The Cannabis Act was introduced to the Canadian House of Commons one year ago, which would legalize the possession and use of marijuana. The Act is expected to become law in July 2018. The medical use of marijuana was the thin edge of the legalization wedge, and the new law is likely to fuel even greater interest in marijuana among patients.
An examination of medical use is limited by the small number of studies of smoked marijuana. Most studies have examined a few of the many cannabinoids found in marijuana, notably tetrahydrocannabinol (THC), which is psychoactive, and cannabidiol (CBD), which is not. Synthetic formulations include oral dronabinol (THC; Marinol), and nabiximols (THC/CBD’ Sativex), which is an oral spray,
The following is a summary of the studies to date.
Epilepsy: A review of 6 randomized controlled trials and 30 observational studies concluded that oral CBD 20 mg/kg was more effective than placebo in reducing seizure frequency >50% (relative risk 1.74) and in achieving freedom from seizures (relative risk 6.17) (Stockings et al.

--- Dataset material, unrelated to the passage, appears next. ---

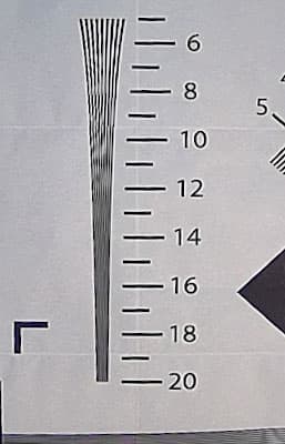 Разрешающая способность видео, снятого регистратором при хорошем свете, достигает 1000 ТВ-линий по горизонтальной стороне кадра в старшем режиме 2K+ (2560×1600). И, «как ни странно», ровно такую же разрешающую способность дает «младший» режим Full HD (1920×1080). Конечно, абсолютно точные цифры получить трудно — мешает выраженный алиасинг (ступенчатость контрастных границ), что указывает на пропуск строк при сканировании сенсора и недостаточно аккуратное масштабирование картинки (типично фотоаппаратный косяк, так снимали все зеркалки прежних поколений).

J Neurol Neurosurg Psychiatry 2018; epublished March 6, 2018). Oral CBD may also be effective as adjuvant therapy in treatment-resistant pediatric epilepsy (Devinsky et al. Lancet Neurol 2016;15:270-278).
Parkinson’s disease: A small study (n=7) speculated that nabilone may reduce levodopa-induced dyskinesia (Sieradzan et al. Neurology 2001;57:2108-2111. A double-blind crossover study (n=19) subsequently found no evidence of a treatment effect on parkinsonian symptoms or levodopa-induced dyskinesia with oral cannabis extract (Carroll et al. Neurology 2004;63:1245-1250). A separate study on the neuroprotective effects of oral CBD found no clinical benefit, although patients reported improved quality of life (Chagas et al. J Psychopharmacol 2014;28:1088-1098).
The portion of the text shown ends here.